Conference: CVPR 2026 arXiv: 2603.11542 Code: github.com/Jahid12012021/ReHARK Area: Multimodal VLM Keywords: CLIP adaptation, one-shot learning, kernel ridge regression, training-free, RBF kernel

TL;DR

This paper proposes ReHARK — a training-free one-shot CLIP adaptation framework that constructs a hybrid prior by fusing CLIP text knowledge, GPT-3 semantic descriptions, and visual prototypes, and performs global proximal regularization in RKHS via multi-scale RBF kernels, achieving a new one-shot SOTA of 65.83% average accuracy across 11 benchmarks.

Background & Motivation

Adapting VLMs such as CLIP to downstream tasks under extremely few-shot (one-shot) settings faces a stability–plasticity dilemma.
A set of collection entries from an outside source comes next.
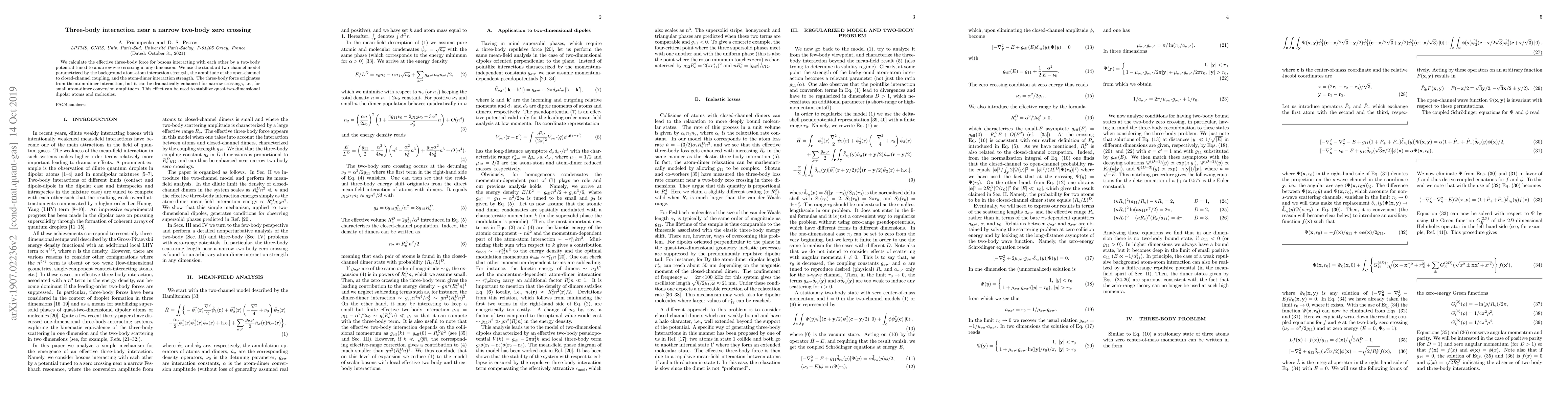 We calculate the effective three-body force for bosons interacting with each other by a two-body potential tuned to a narrow zero crossing in any dimension. We use the standard two-channel model parametrized by the background atom-atom interaction strength, the amplitude of the open-channel to closed-channel coupling, and the atom-dimer interaction strength. The three-body force originates from the atom-dimer interaction, but it can be dramatically enhanced for narrow crossings, i.e., for small atom-dimer conversion amplitudes. This effect can be used to stabilize quasi-two-dimensional dipolar atoms and molecules.
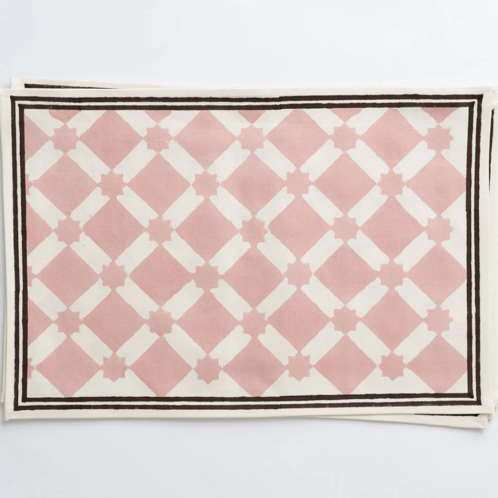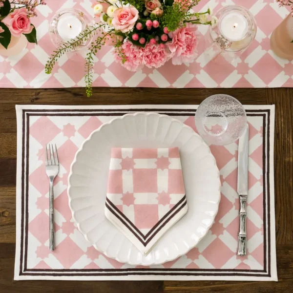 Our Latticework Blush Placemats were designed to encapsulate the whimsical essence of wandering through narrow streets adorned with picket fences, quaint wooden homes painted in soft, pretty hues, and a mesmerizing labyrinth of latticework.
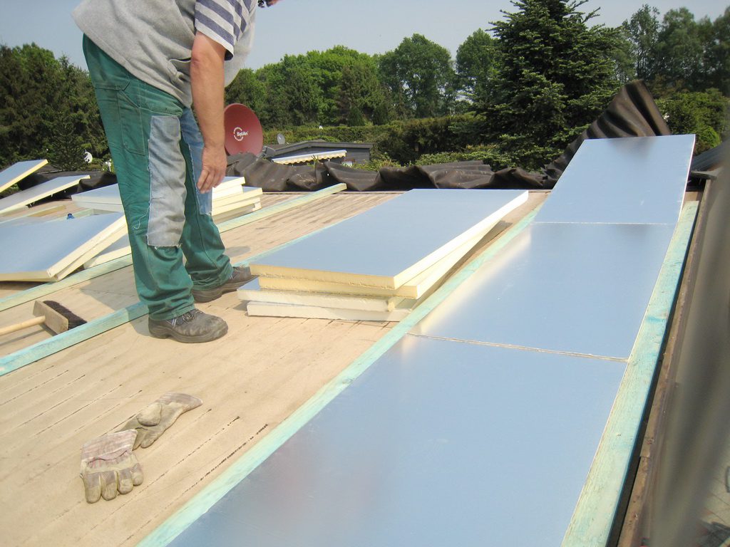 Da die Spanplatten noch in gutem Zustand waren, konnten wir sofort mit der Arbeit beginnen. Zuerst haben wir die 40×40 mm-Latten in Längsrichtung angebracht, dazwischen die PIR-Dämmplatten eingelegt und anschließend die Querlattung montiert. Unter den Blechdachziegeln muss schließlich eine Luftschicht bleiben.
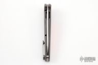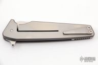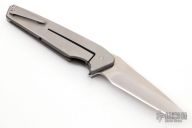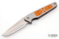 This Mark 7 from Will Moon features a two tone blade with satin flats and tumbled grinds, notched thumbrest and flipper. The handle has a satin finished titanium frame with bead blasted edges, orange G-10 inlays with black G-10 dots, two-tone notched titanium backspacer and tip up satin finished titanium clip, has IO-Stop ( IO-Stop stands for "Integral Over-travel" Stop ) and rides on thrust bearings. Nice detent, blade seating and lock up. Has some scratches, otherwise excellent condition. Comes with a zippered case.
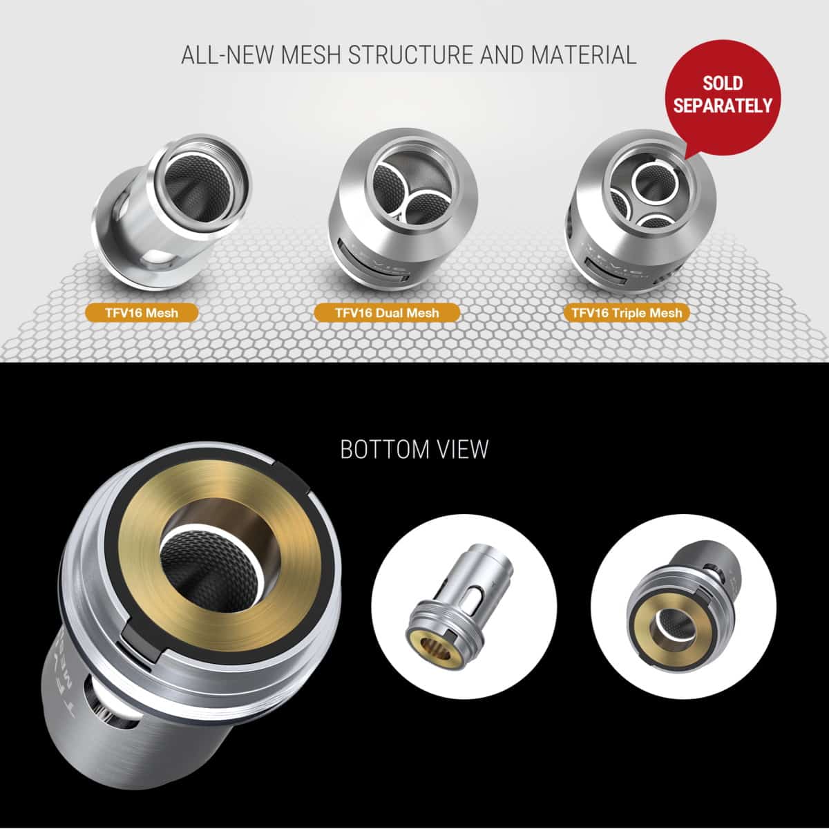 TFV16 takes over the throne among Smok’s atomizers. This is a tank which gives enormous clouds but requests that the user can take really big puffs. The new Mesh coils with honeycomb structure is made specially for TFV16 and comes in 3 versions where the 2 included is run best at around 120W.
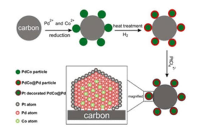 Fuel cells convert chemical energy directly into electrical energy. They consist of an anode, which oxidizes the fuel (such as hydrogen), and a cathode, which reduces oxygen to water. A polymer membrane separates the electrodes. Fuel cell-powered cars in production today use pure platinum to catalyze the oxygen reduction reaction in the cathode side. While platinum is the most efficient catalyst available today for the oxygen reduction reaction, its activity is limited, and it is rare and expensive.
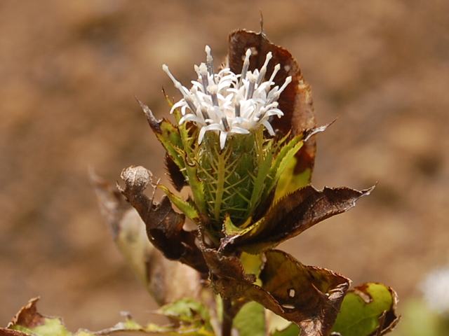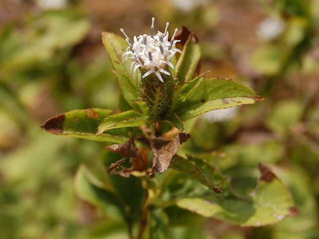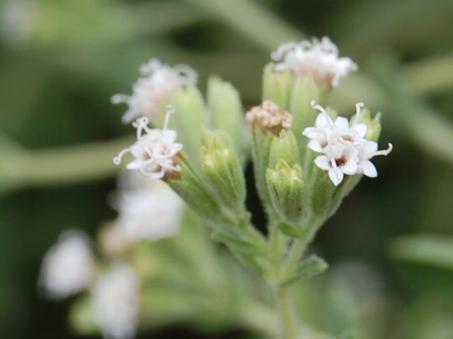 小さく白い花(頭花)が群がって咲く。
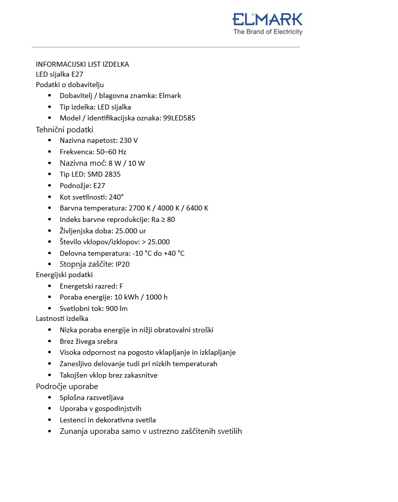 E27 LED žarnica ponuja toplo belo svetlobo, ki ustvarja prijetno in udobno vzdušje v prostoru. Ta energijsko učinkovita rešitev pomaga zmanjšati stroške električne energije. Njena dolga življenjska doba zmanjšuje potrebo po pogostih zamenjavah, hkrati pa se njena vsestranskost prilega vsakemu prostoru v vašem domu.
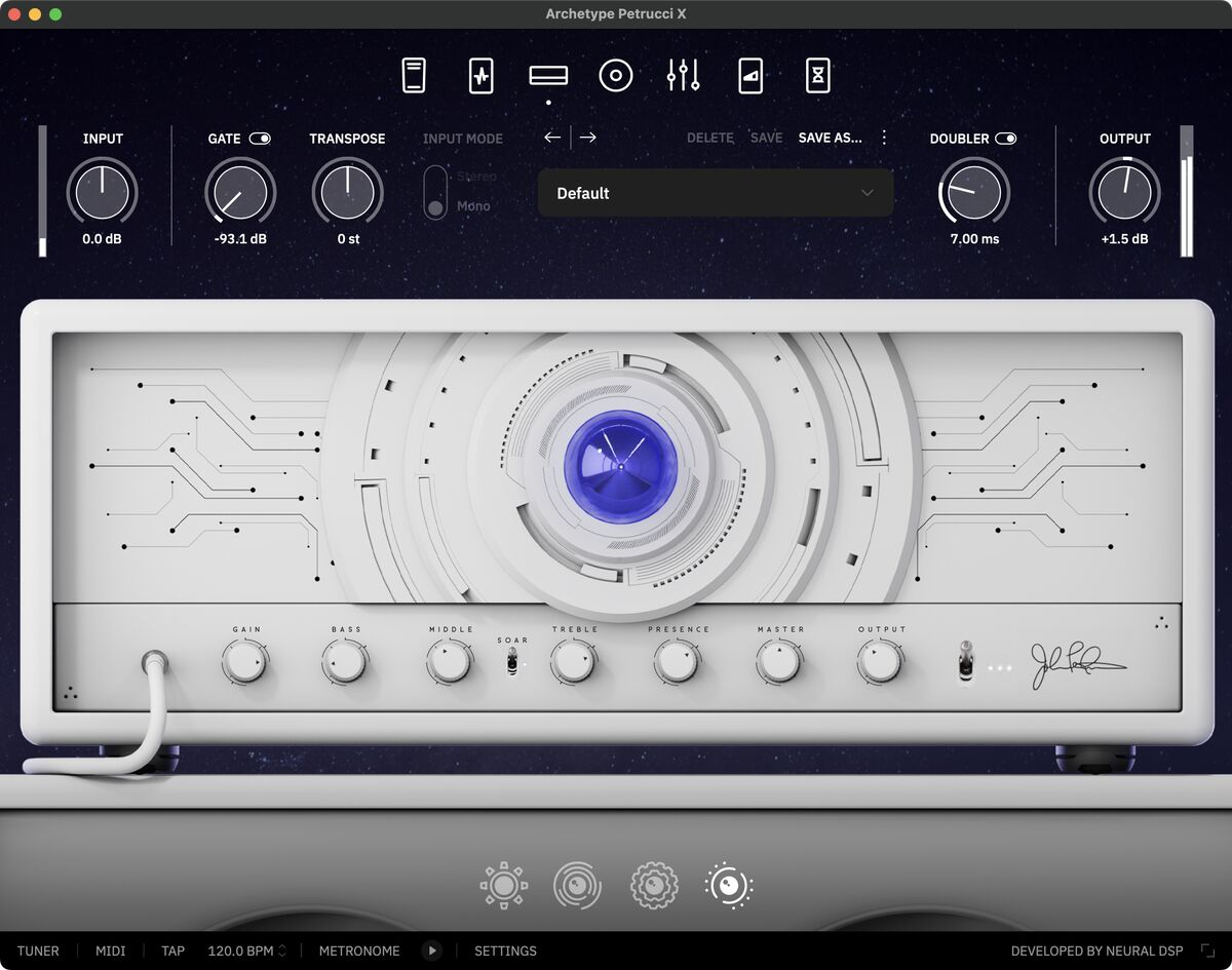 El Neural DSP Archetype: Petrucci es un plugin de modelado de amplificadores y efectos diseñado en colaboración con John Petrucci (Dream Theater). Ofrece una colección completa de sonidos de guitarra de alta precisión, que van desde limpios cristalinos hasta saturaciones potentes y articuladas.
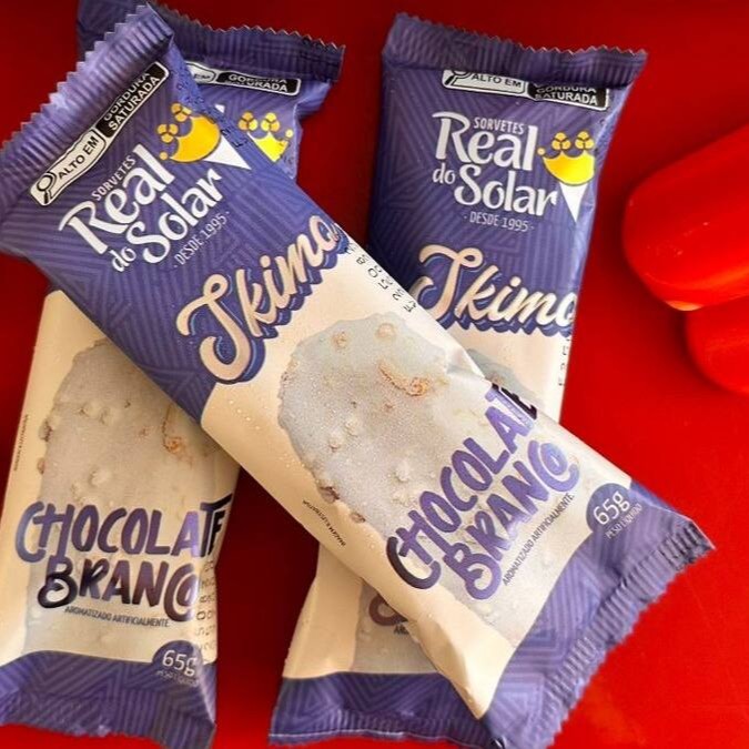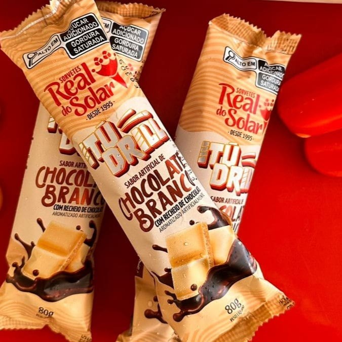 Picolé cremoso de chocolate branco recheado com os pedaços do chocolate meio amargo
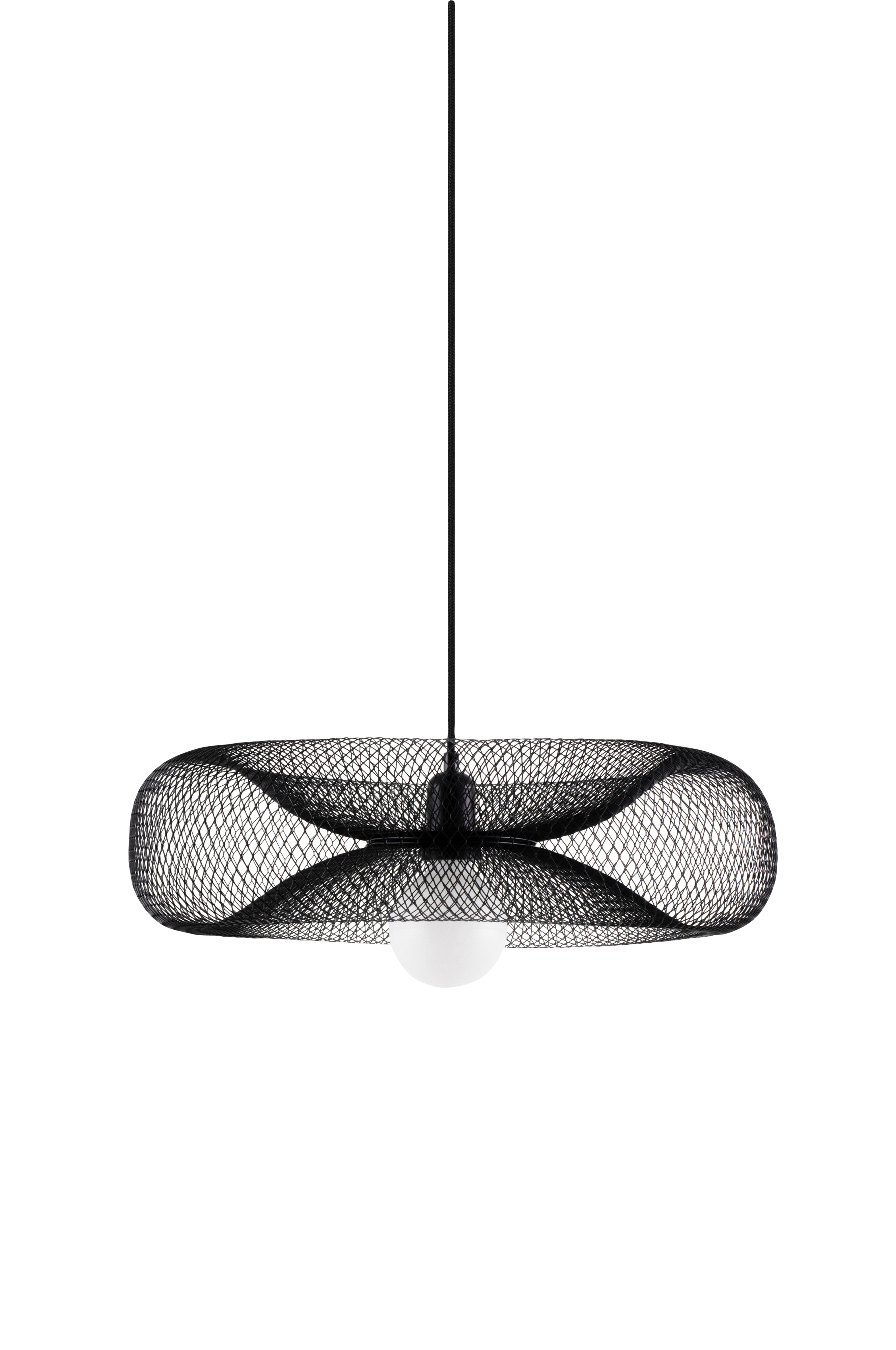 Torus er en luftig og myk pendel produsert av galvanisert metallnetting. Lyset reflekteres fint i den blanke overflaten, velg selv hvilket uttrykk lampen skal ha avhengig av hvilken lyskilde du bruker. Lampen har en 120 cm lang tekstilkledd ledning samt matchende takkopp av metall. Takkobling ikke inkludert.

Fine-tuning methods (e.g., CoOp) are computationally expensive and prone to catastrophic forgetting; training-free methods such as Tip-Adapter are lightweight but are theoretically equivalent to local Nadaraya–Watson estimators, suffering from boundary bias and lacking global structural regularization. ProKeR mitigates this by introducing global RKHS regularization, yet under extreme data scarcity with a single visual sample per class, it struggles to capture domain-specific details, limiting performance.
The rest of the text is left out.